═════ Data for analysis ═════

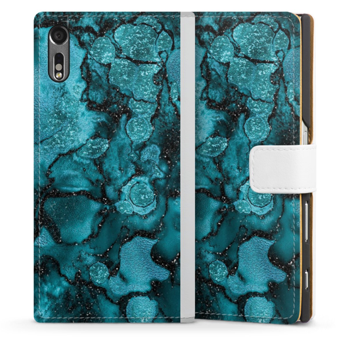 For our Sideflip Case we are using our advanced direct printing technology. The back and frontside are fully printabale, the inside of the phone bag is left unprinted. You can order the phone case without print, printed completely or also with a partial print.
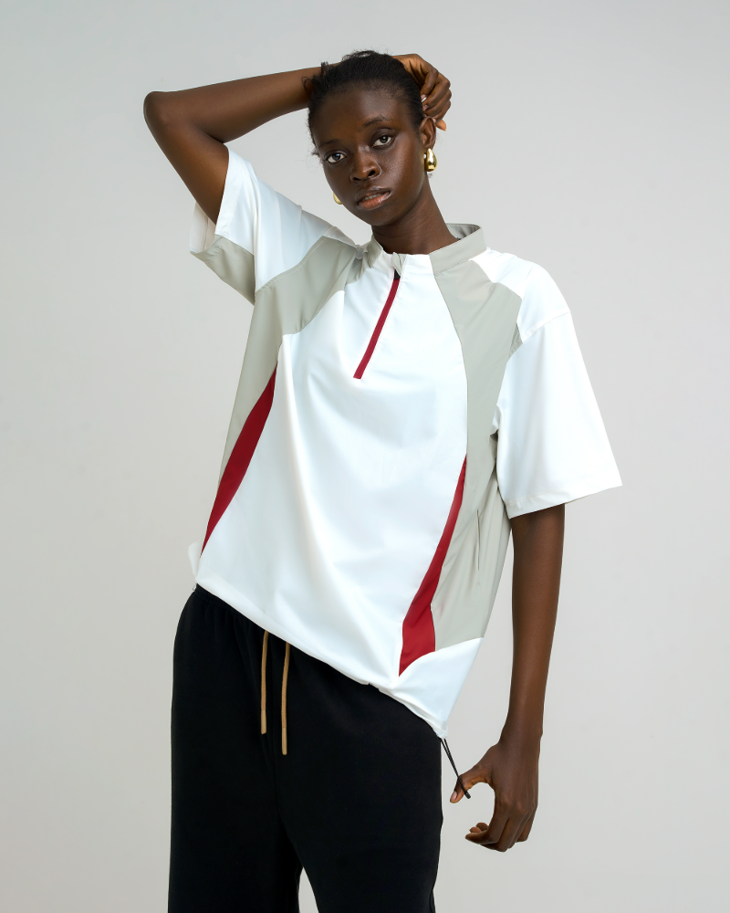 Made from breathable, quick-dry fabric, the half-zip neckline offers customizable comfort, while the adjustable hem with bungee cords gives it that modern techwear twist. Whether you’re heading to the courts or hitting the streets, this colorblock half-zip sporty tee delivers all-day function with undeniable flair.
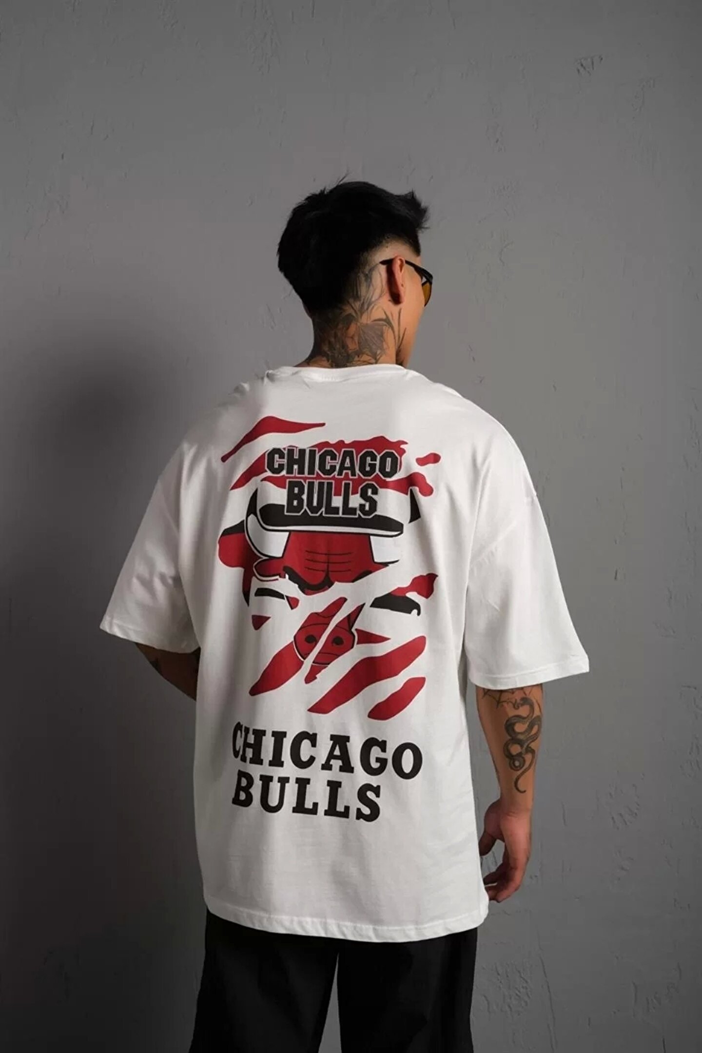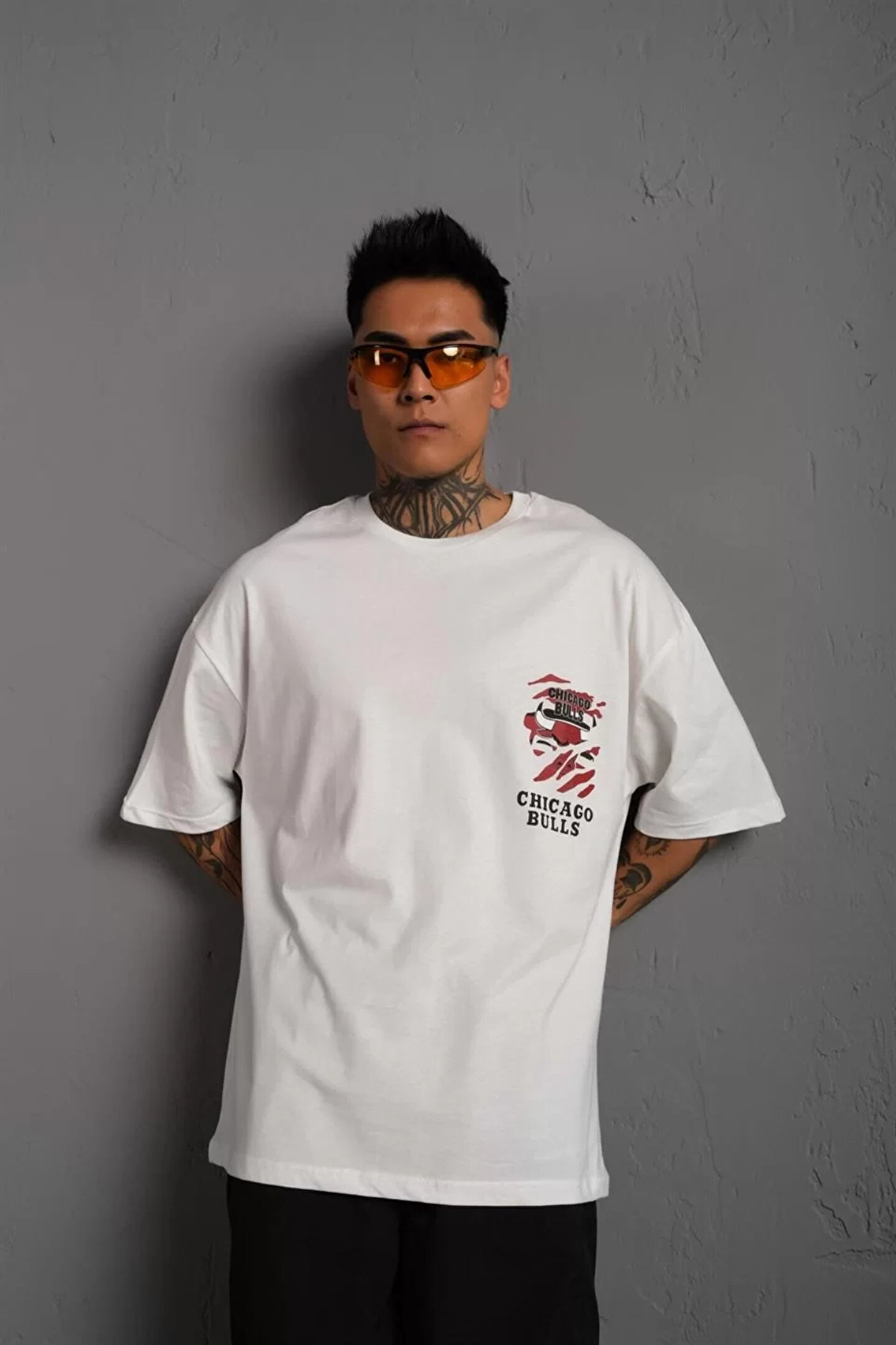 MODA CS Erkek Sırt Baskılı A Kalite Oversize T-shirt - Beyaz
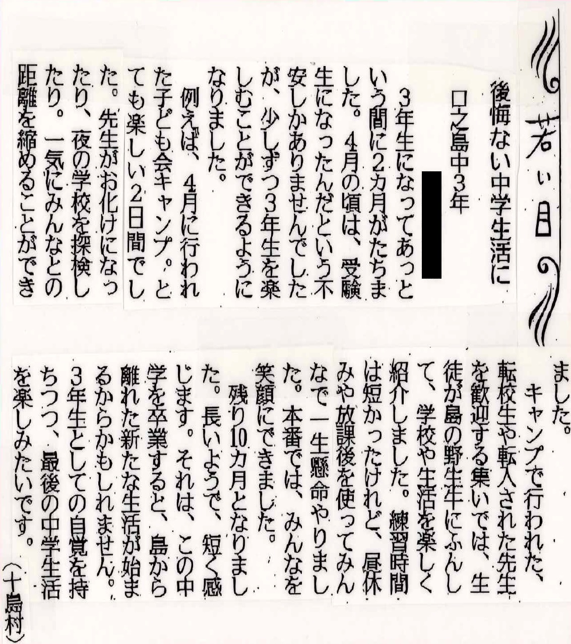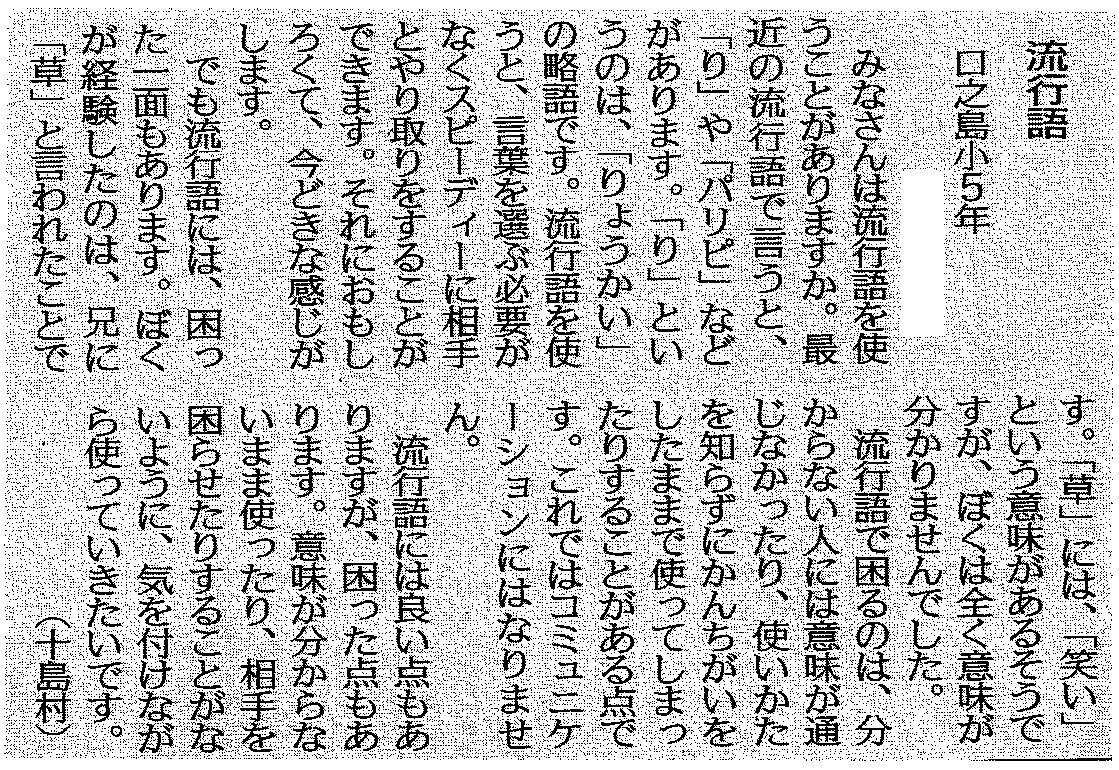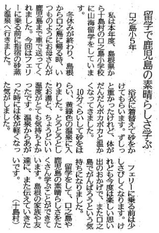 | 平成29年7月26日 南日本新聞掲載「若い目」 本校小学6年生Sさん投稿 |
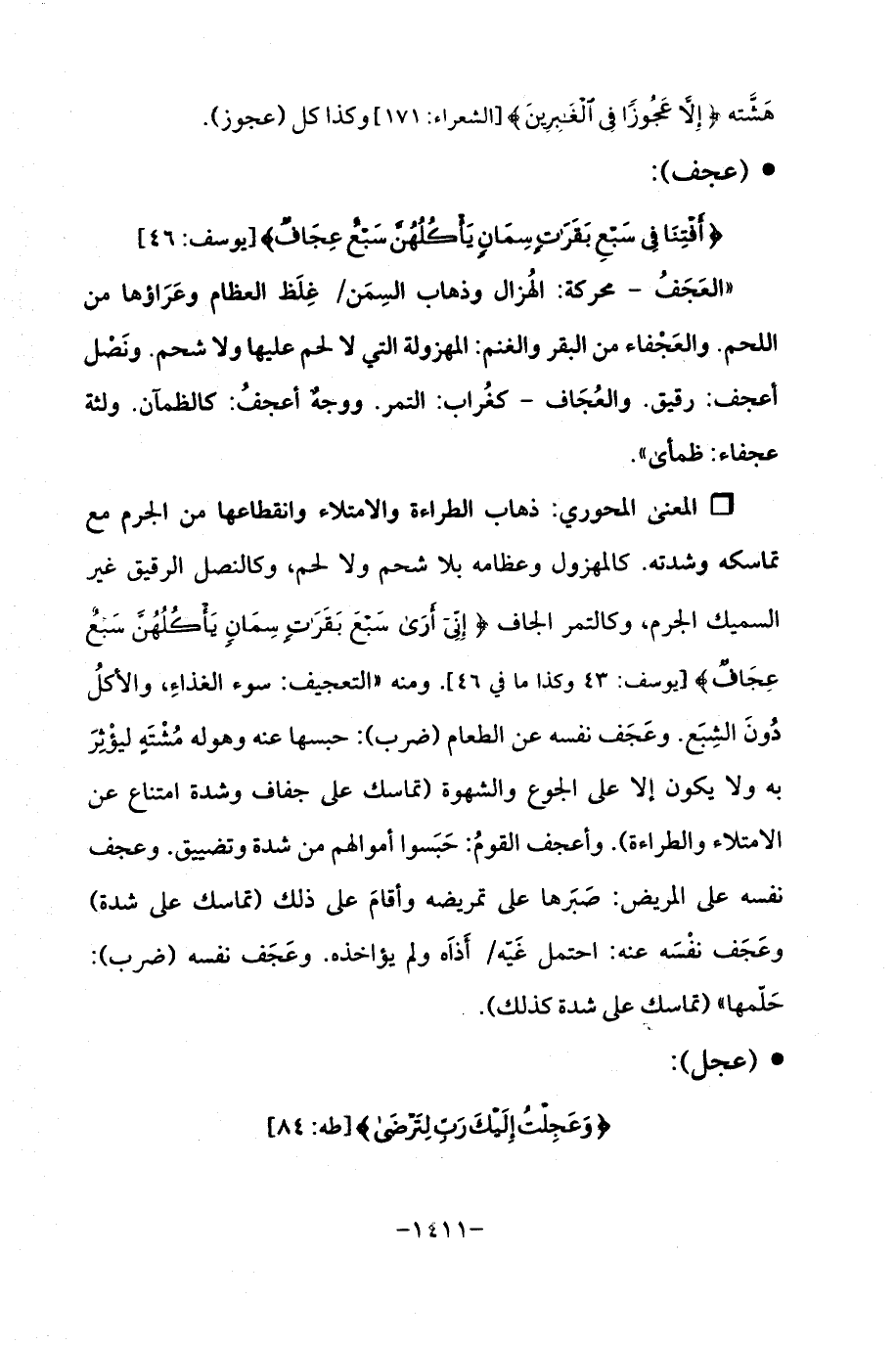 Qذهاب الطراءة والامتلاء وانقطاعها من الجرم مع تماسكه وشدته. كالمهزول وعظامه بلا شحم ولا لحم، وكالنصل الرقيق غير السميك الجرم، وكالتمر الجاف {إِنِّي أَرَى سَبْعَ بَقَرَاتٍ سِمَانٍ يَأْكُلُهُنَّ سَبْعٌ عِجَافٌ} [يوسف: 43 وكذا ما في 46]. ومنه "التعجيف: سوء الغذاءِ، والأكلُ دُونَ الشِبَع. وعَجَف نفسه عن الطعام (ضرب): حبسها عنه وهوله مُشْتَهٍ ليؤْثِرَ به ولا يكون إلا على الجوع والشهوة (تماسك على جفاف وشدة امتناع عن الامتلاء والطراءة). وأعجف القومُ: حَبَسوا أموالهم من شدة وتضييق. وعجف نفسه على المريض: صَبَرها على تمريضه وأقامَ على ذلك (تماسك على شدة) وعَجَف نفْسَه عنه: احتمل غَيّه/ أَذَاه ولم يؤاخذه. وعَجَف نفسه (ضرب): حَلّمها " (تماسك على شدة كذلك).

═════

Exercise brief: The line containing "南日本新聞掲載「若い目」 本校小学6年生Sさん投稿 |" marks where the copy ends; print every line before it from the start of the records, and that line too, but no pictures.

Task result:
 For our Sideflip Case we are using our advanced direct printing technology. The back and frontside are fully printabale, the inside of the phone bag is left unprinted. You can order the phone case without print, printed completely or also with a partial print.
 Made from breathable, quick-dry fabric, the half-zip neckline offers customizable comfort, while the adjustable hem with bungee cords gives it that modern techwear twist. Whether you’re heading to the courts or hitting the streets, this colorblock half-zip sporty tee delivers all-day function with undeniable flair.
 MODA CS Erkek Sırt Baskılı A Kalite Oversize T-shirt - Beyaz
 | 平成29年7月26日 南日本新聞掲載「若い目」 本校小学6年生Sさん投稿 |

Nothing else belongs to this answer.